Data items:
>>
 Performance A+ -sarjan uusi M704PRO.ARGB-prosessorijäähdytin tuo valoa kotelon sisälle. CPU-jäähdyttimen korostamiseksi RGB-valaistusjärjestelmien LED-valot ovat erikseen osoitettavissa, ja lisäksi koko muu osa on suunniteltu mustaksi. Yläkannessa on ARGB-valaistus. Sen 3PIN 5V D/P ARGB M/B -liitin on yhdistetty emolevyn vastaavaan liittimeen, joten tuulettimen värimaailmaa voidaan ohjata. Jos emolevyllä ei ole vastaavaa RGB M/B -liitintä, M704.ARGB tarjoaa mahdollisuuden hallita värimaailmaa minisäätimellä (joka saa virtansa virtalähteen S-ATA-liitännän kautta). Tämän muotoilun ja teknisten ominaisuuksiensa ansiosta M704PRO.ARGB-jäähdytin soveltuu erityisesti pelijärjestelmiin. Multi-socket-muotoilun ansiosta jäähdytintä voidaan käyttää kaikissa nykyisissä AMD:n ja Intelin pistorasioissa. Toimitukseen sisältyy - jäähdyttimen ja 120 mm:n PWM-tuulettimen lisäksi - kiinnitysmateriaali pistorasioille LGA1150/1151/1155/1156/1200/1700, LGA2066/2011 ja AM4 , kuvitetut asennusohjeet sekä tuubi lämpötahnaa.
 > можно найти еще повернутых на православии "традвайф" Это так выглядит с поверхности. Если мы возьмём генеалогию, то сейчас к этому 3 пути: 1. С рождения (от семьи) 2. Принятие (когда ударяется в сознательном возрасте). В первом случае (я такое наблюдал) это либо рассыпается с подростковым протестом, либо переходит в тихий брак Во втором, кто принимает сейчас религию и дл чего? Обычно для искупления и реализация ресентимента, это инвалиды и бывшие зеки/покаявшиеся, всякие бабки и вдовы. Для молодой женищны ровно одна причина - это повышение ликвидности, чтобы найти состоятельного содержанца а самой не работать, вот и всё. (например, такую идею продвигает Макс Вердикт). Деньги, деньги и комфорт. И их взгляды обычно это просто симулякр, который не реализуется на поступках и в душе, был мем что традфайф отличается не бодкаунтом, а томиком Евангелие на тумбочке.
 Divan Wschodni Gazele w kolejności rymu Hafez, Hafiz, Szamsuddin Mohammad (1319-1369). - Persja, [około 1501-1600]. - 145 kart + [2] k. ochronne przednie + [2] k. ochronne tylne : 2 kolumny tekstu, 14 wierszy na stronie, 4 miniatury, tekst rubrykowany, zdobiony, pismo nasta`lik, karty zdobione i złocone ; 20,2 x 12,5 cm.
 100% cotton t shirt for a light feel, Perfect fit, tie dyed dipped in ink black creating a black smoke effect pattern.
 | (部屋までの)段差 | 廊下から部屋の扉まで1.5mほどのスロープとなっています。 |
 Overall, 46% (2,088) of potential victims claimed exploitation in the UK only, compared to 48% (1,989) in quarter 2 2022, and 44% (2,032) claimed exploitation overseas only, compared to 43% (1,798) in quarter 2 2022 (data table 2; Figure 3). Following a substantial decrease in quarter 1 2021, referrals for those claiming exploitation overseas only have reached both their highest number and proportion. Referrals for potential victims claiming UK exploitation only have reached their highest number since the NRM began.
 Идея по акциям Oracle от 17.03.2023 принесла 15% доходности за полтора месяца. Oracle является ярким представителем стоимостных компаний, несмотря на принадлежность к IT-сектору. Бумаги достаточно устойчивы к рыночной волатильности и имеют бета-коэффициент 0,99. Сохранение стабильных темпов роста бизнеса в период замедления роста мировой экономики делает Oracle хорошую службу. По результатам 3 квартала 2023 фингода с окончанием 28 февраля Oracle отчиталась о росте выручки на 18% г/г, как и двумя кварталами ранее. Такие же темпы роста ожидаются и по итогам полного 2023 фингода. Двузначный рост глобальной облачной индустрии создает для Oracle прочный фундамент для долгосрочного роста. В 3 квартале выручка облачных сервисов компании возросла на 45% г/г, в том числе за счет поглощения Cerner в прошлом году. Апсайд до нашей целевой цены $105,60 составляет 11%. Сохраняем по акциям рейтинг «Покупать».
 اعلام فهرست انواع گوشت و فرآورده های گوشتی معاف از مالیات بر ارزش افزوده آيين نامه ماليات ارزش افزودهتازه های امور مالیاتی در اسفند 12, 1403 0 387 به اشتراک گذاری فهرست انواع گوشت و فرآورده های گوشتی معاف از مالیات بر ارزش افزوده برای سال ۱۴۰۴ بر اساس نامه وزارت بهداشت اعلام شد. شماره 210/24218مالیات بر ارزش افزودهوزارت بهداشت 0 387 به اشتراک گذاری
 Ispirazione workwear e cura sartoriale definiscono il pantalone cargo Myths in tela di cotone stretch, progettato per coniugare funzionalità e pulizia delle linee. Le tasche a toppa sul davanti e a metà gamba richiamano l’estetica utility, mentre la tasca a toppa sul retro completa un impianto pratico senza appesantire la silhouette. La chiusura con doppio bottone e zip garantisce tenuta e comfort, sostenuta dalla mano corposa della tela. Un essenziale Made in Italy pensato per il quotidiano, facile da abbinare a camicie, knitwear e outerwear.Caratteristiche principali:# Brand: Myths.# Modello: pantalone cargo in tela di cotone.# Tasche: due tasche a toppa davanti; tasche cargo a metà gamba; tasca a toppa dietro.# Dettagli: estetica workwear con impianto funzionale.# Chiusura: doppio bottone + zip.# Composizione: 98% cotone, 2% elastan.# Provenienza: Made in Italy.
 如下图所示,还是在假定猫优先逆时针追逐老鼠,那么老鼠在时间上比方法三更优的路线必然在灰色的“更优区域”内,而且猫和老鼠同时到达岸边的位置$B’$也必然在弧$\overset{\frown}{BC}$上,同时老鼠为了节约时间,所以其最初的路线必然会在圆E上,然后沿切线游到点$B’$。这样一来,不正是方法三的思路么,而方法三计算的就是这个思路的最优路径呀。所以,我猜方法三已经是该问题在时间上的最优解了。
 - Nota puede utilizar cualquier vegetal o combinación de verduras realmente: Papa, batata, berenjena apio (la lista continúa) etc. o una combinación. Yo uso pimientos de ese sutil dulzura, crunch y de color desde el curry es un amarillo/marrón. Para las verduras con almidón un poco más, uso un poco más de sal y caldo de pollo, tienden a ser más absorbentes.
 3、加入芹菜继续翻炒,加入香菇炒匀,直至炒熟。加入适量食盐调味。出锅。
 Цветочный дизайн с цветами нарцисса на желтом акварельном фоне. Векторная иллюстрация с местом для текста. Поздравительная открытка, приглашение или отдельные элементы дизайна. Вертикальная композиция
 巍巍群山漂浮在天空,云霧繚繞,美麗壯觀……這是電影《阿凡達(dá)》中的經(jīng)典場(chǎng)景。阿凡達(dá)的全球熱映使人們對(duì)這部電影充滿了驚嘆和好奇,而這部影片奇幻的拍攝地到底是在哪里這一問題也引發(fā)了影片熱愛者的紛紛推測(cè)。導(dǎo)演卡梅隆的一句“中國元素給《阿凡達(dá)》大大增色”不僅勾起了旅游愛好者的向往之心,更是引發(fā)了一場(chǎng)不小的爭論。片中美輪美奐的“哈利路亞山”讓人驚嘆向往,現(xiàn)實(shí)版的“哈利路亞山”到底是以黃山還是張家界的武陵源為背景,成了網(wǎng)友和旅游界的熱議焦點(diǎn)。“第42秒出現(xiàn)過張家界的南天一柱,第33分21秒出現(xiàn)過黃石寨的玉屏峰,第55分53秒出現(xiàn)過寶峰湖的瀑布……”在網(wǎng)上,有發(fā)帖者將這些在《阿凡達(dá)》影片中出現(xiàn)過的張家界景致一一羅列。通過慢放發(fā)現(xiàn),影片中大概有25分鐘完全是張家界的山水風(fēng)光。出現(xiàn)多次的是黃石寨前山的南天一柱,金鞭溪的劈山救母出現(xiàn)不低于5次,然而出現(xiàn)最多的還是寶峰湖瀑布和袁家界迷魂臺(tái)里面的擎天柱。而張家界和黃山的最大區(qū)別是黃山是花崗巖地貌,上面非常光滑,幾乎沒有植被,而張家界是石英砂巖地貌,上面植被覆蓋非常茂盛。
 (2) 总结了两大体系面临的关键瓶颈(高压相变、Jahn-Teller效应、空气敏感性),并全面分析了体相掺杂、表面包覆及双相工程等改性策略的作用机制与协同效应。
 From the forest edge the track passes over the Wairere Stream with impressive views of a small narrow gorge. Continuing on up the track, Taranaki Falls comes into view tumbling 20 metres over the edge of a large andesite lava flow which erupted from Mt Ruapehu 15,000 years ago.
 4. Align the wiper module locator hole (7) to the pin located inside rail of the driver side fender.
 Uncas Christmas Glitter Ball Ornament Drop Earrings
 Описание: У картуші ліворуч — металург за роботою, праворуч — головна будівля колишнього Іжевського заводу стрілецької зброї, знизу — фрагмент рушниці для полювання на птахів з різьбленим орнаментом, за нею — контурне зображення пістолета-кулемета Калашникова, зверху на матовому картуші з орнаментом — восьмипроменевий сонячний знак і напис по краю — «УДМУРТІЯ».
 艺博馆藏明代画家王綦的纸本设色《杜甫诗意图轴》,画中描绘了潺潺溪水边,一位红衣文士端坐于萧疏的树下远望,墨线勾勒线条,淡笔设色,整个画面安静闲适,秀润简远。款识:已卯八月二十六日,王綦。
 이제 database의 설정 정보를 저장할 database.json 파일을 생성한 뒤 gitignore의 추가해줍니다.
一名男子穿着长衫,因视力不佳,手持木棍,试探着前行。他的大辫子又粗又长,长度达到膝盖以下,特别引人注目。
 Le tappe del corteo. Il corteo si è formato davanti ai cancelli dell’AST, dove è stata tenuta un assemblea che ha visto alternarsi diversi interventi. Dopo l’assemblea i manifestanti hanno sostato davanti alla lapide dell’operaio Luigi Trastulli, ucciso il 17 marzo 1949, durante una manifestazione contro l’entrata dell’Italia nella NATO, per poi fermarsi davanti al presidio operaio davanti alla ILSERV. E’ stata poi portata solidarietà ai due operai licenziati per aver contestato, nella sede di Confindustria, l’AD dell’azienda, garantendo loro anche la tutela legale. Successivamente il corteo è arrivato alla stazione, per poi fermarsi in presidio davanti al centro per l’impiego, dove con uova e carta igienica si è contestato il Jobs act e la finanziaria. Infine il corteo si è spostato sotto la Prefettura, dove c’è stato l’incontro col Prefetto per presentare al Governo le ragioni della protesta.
<<
▶ **What is expected**: Only one span of lines is wanted: the line with "(2) 总结了两大体系面临的" and every line after it to the end of the entries, output exactly.

▶ **Solution to this exercise**:
 (2) 总结了两大体系面临的关键瓶颈(高压相变、Jahn-Teller效应、空气敏感性),并全面分析了体相掺杂、表面包覆及双相工程等改性策略的作用机制与协同效应。
 From the forest edge the track passes over the Wairere Stream with impressive views of a small narrow gorge. Continuing on up the track, Taranaki Falls comes into view tumbling 20 metres over the edge of a large andesite lava flow which erupted from Mt Ruapehu 15,000 years ago.
 4. Align the wiper module locator hole (7) to the pin located inside rail of the driver side fender.
 Uncas Christmas Glitter Ball Ornament Drop Earrings
 Описание: У картуші ліворуч — металург за роботою, праворуч — головна будівля колишнього Іжевського заводу стрілецької зброї, знизу — фрагмент рушниці для полювання на птахів з різьбленим орнаментом, за нею — контурне зображення пістолета-кулемета Калашникова, зверху на матовому картуші з орнаментом — восьмипроменевий сонячний знак і напис по краю — «УДМУРТІЯ».
 艺博馆藏明代画家王綦的纸本设色《杜甫诗意图轴》,画中描绘了潺潺溪水边,一位红衣文士端坐于萧疏的树下远望,墨线勾勒线条,淡笔设色,整个画面安静闲适,秀润简远。款识:已卯八月二十六日,王綦。
 이제 database의 설정 정보를 저장할 database.json 파일을 생성한 뒤 gitignore의 추가해줍니다.
一名男子穿着长衫,因视力不佳,手持木棍,试探着前行。他的大辫子又粗又长,长度达到膝盖以下,特别引人注目。
 Le tappe del corteo. Il corteo si è formato davanti ai cancelli dell’AST, dove è stata tenuta un assemblea che ha visto alternarsi diversi interventi. Dopo l’assemblea i manifestanti hanno sostato davanti alla lapide dell’operaio Luigi Trastulli, ucciso il 17 marzo 1949, durante una manifestazione contro l’entrata dell’Italia nella NATO, per poi fermarsi davanti al presidio operaio davanti alla ILSERV. E’ stata poi portata solidarietà ai due operai licenziati per aver contestato, nella sede di Confindustria, l’AD dell’azienda, garantendo loro anche la tutela legale. Successivamente il corteo è arrivato alla stazione, per poi fermarsi in presidio davanti al centro per l’impiego, dove con uova e carta igienica si è contestato il Jobs act e la finanziaria. Infine il corteo si è spostato sotto la Prefettura, dove c’è stato l’incontro col Prefetto per presentare al Governo le ragioni della protesta.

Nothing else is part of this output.